### The task
Return each entry below exactly. Skip the images.

### Source data
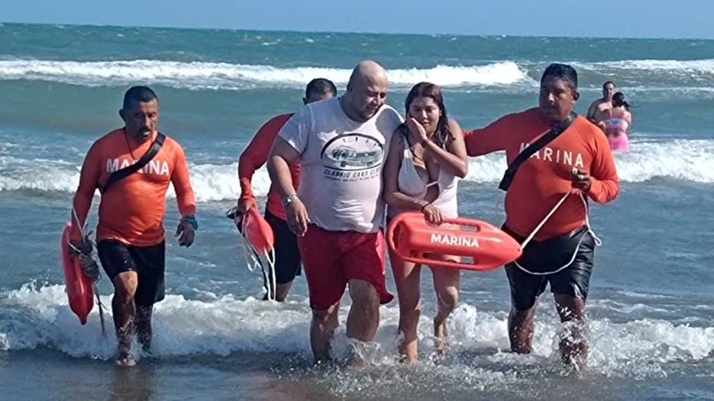 También se reportó el rescate de 2 personas adultas, un hombre de 36 años y una mujer de 25 años, originarios de la Ciudad de México, quienes fueron arrastrados por un salidero mar adentro por la corriente.
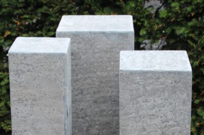 Met een hoogte van 80 cm vormen deze sokkels en zuilen een mooi midden tussen subtiel en opvallend. Ze tillen een beeld voldoende op om het los te maken van de omgeving, terwijl het geheel rustig en in balans blijft. Deze hoogte is zeer geschikt voor tuinen, terrassen en binnenruimtes waar je een object wilt laten spreken zonder dat het te dominant aanwezig is.
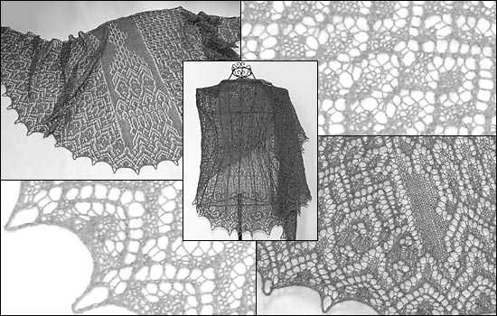 Das Färöertuch *Helena* hat ein grafisch ornamentales Muster. Gestricktes Schultertuch mit Strickspitze. Das Tuch wird von der Mitte (am Nacken) aus gestrickt. Strickanleitung mit Strickschrift.
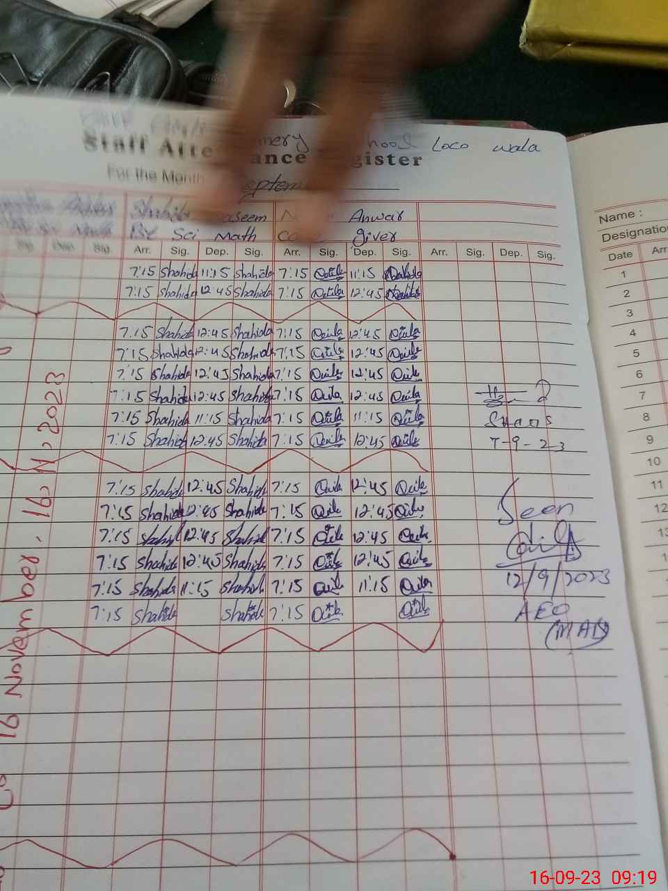 | Monitoring Date: 16-09-2023 | Start Time: 16-09-2023 08:51 AM | End Time: 16-09-2023 09:26 AM | Name of MEA: Ma**** UlHa**** | |
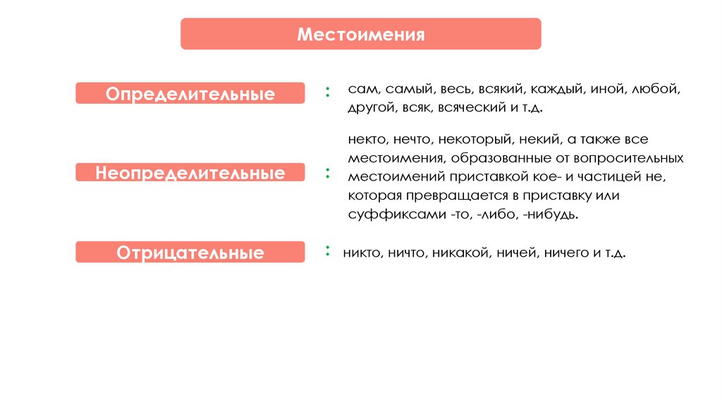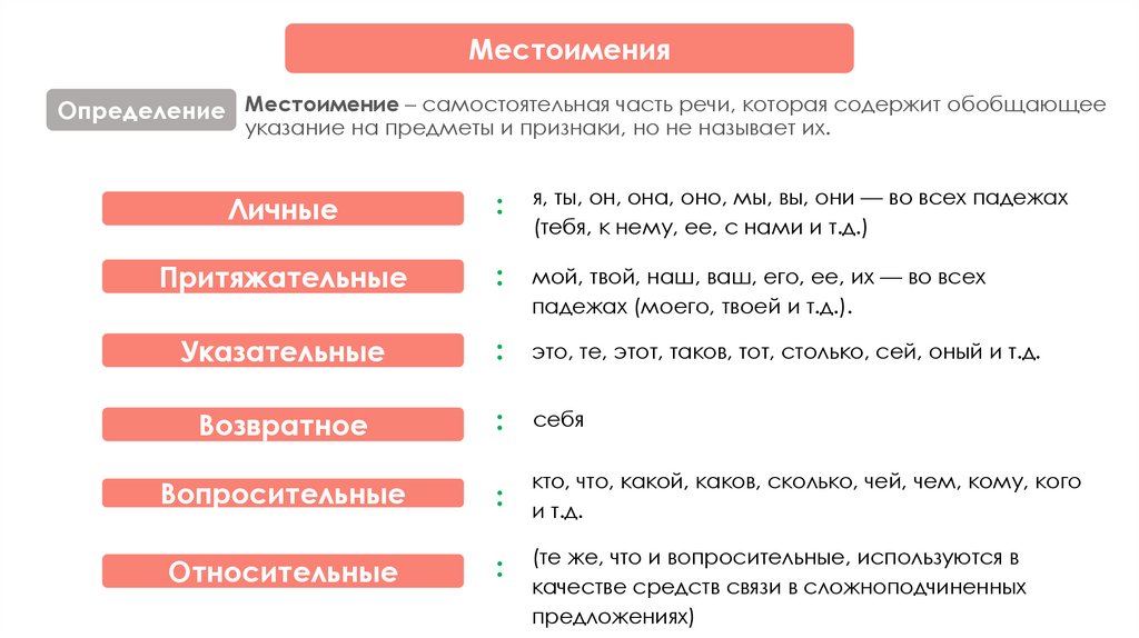 МестоименияОпределение Местоимение – самостоятельная часть речи, которая содержит обобщающее
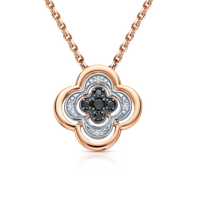 Подвеска с 4 бриллиантами природными, 0.01 карат, огранка круг 17 граней, цвет 2, чистота 2, тип огранки А; 1 бриллиантом черным природным облагороженным, 0.02 карат, огранка круг 57 граней, цвет 7, чистота 6, тип огранки А; 4 бриллиантами черными природными облагороженными, 0.03 карат, огранка круг 57 граней, цвет 7, чистота 6, тип огранки А; Розовое золото 585 пробы.
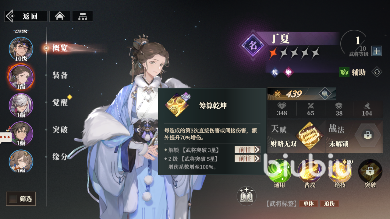 这是一名实用性比较高的辅助武将,除了对单体造成伤害外,她的辅助能力主要体现在对敌方的削弱上面,能降低敌人的伤害减免效果,同时让敌人的治愈回复效果也降低,限制了对手的回复和持续输出能力;并且还具备追伤的能力,能减少主C的输出压力。
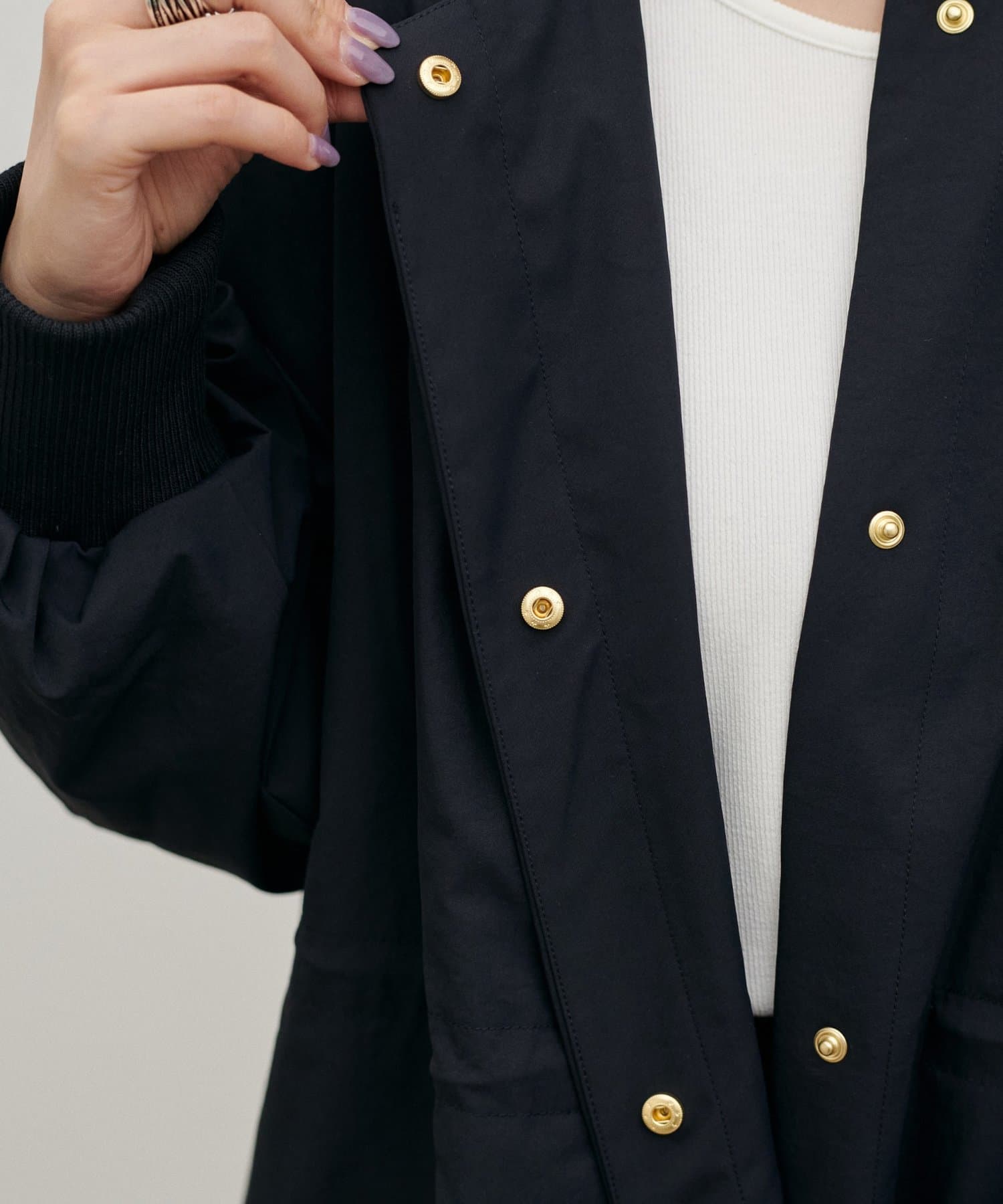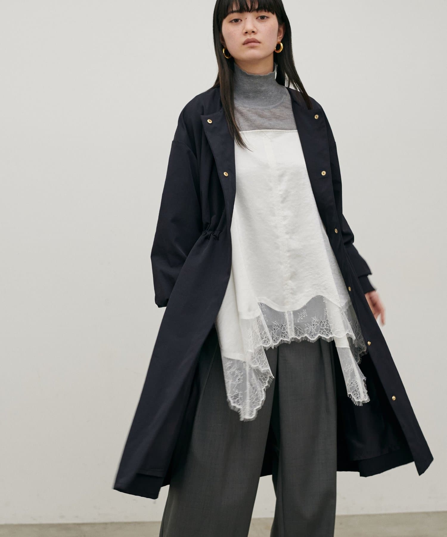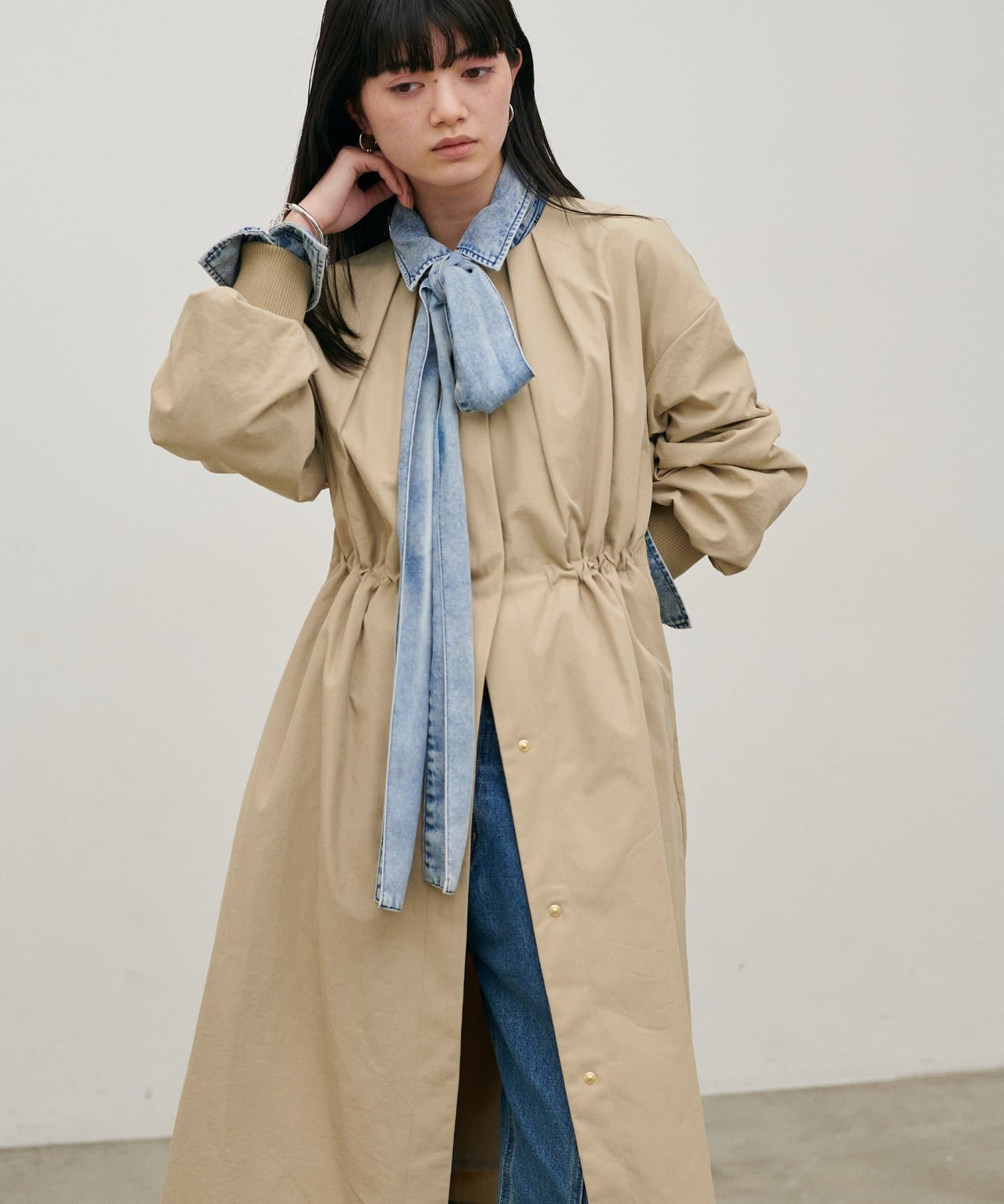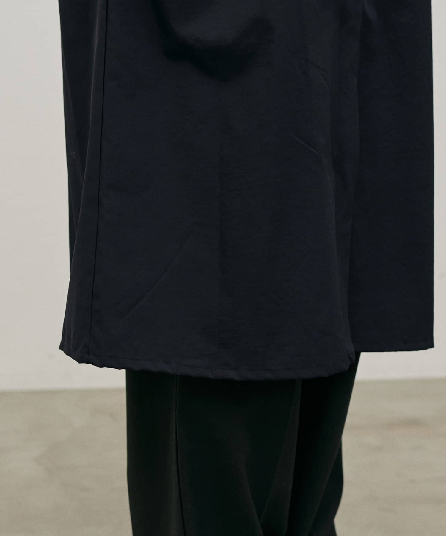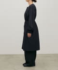 首元すっきりのノーカラーとネックに寄せたギャザーできれいめ上品な印象に。
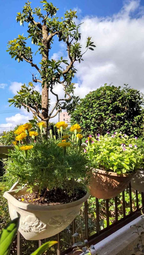 マンションの小さなお庭 午前中は半日陰で午後は西陽 西風も強くて、斜めになりがち😓 ズボラなのでこぼれ種で増える、植えっぱなし放置でも強いお花ばかり育ててます。😀 まだまだ園芸初心者🔰です
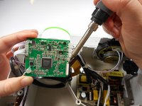 Once connections are soldered off, the motherboard should be detached and ready for replacement.
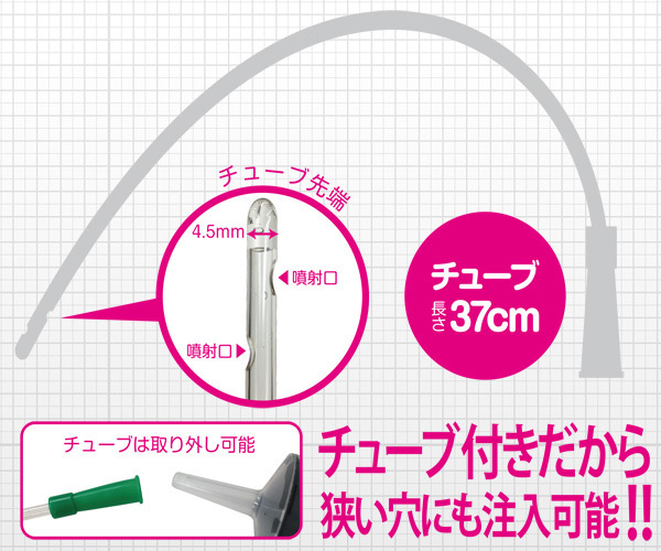 ペットボトル一本分!?大容量500mlのプラスチック製シリンジ。本格的なお医者さんごっこが自宅で手軽に遊べることで人気の「MEDY」シリーズから、お尻洗浄に便利な洗浄用の注射筒が登場!最大幅4.5mm、狭い穴の奥まで行き届く長さ37cmの噴射口を設置したチューブも付属で、取り外し可能なので使用後は綺麗に洗って保管することも◎小口径延長キャップも付いています。

### Result for this task
 También se reportó el rescate de 2 personas adultas, un hombre de 36 años y una mujer de 25 años, originarios de la Ciudad de México, quienes fueron arrastrados por un salidero mar adentro por la corriente.
 Met een hoogte van 80 cm vormen deze sokkels en zuilen een mooi midden tussen subtiel en opvallend. Ze tillen een beeld voldoende op om het los te maken van de omgeving, terwijl het geheel rustig en in balans blijft. Deze hoogte is zeer geschikt voor tuinen, terrassen en binnenruimtes waar je een object wilt laten spreken zonder dat het te dominant aanwezig is.
 Das Färöertuch *Helena* hat ein grafisch ornamentales Muster. Gestricktes Schultertuch mit Strickspitze. Das Tuch wird von der Mitte (am Nacken) aus gestrickt. Strickanleitung mit Strickschrift.
 | Monitoring Date: 16-09-2023 | Start Time: 16-09-2023 08:51 AM | End Time: 16-09-2023 09:26 AM | Name of MEA: Ma**** UlHa**** | |
 МестоименияОпределение Местоимение – самостоятельная часть речи, которая содержит обобщающее
 Подвеска с 4 бриллиантами природными, 0.01 карат, огранка круг 17 граней, цвет 2, чистота 2, тип огранки А; 1 бриллиантом черным природным облагороженным, 0.02 карат, огранка круг 57 граней, цвет 7, чистота 6, тип огранки А; 4 бриллиантами черными природными облагороженными, 0.03 карат, огранка круг 57 граней, цвет 7, чистота 6, тип огранки А; Розовое золото 585 пробы.
 这是一名实用性比较高的辅助武将,除了对单体造成伤害外,她的辅助能力主要体现在对敌方的削弱上面,能降低敌人的伤害减免效果,同时让敌人的治愈回复效果也降低,限制了对手的回复和持续输出能力;并且还具备追伤的能力,能减少主C的输出压力。
 首元すっきりのノーカラーとネックに寄せたギャザーできれいめ上品な印象に。
 マンションの小さなお庭 午前中は半日陰で午後は西陽 西風も強くて、斜めになりがち😓 ズボラなのでこぼれ種で増える、植えっぱなし放置でも強いお花ばかり育ててます。😀 まだまだ園芸初心者🔰です
 Once connections are soldered off, the motherboard should be detached and ready for replacement.
 ペットボトル一本分!?大容量500mlのプラスチック製シリンジ。本格的なお医者さんごっこが自宅で手軽に遊べることで人気の「MEDY」シリーズから、お尻洗浄に便利な洗浄用の注射筒が登場!最大幅4.5mm、狭い穴の奥まで行き届く長さ37cmの噴射口を設置したチューブも付属で、取り外し可能なので使用後は綺麗に洗って保管することも◎小口径延長キャップも付いています。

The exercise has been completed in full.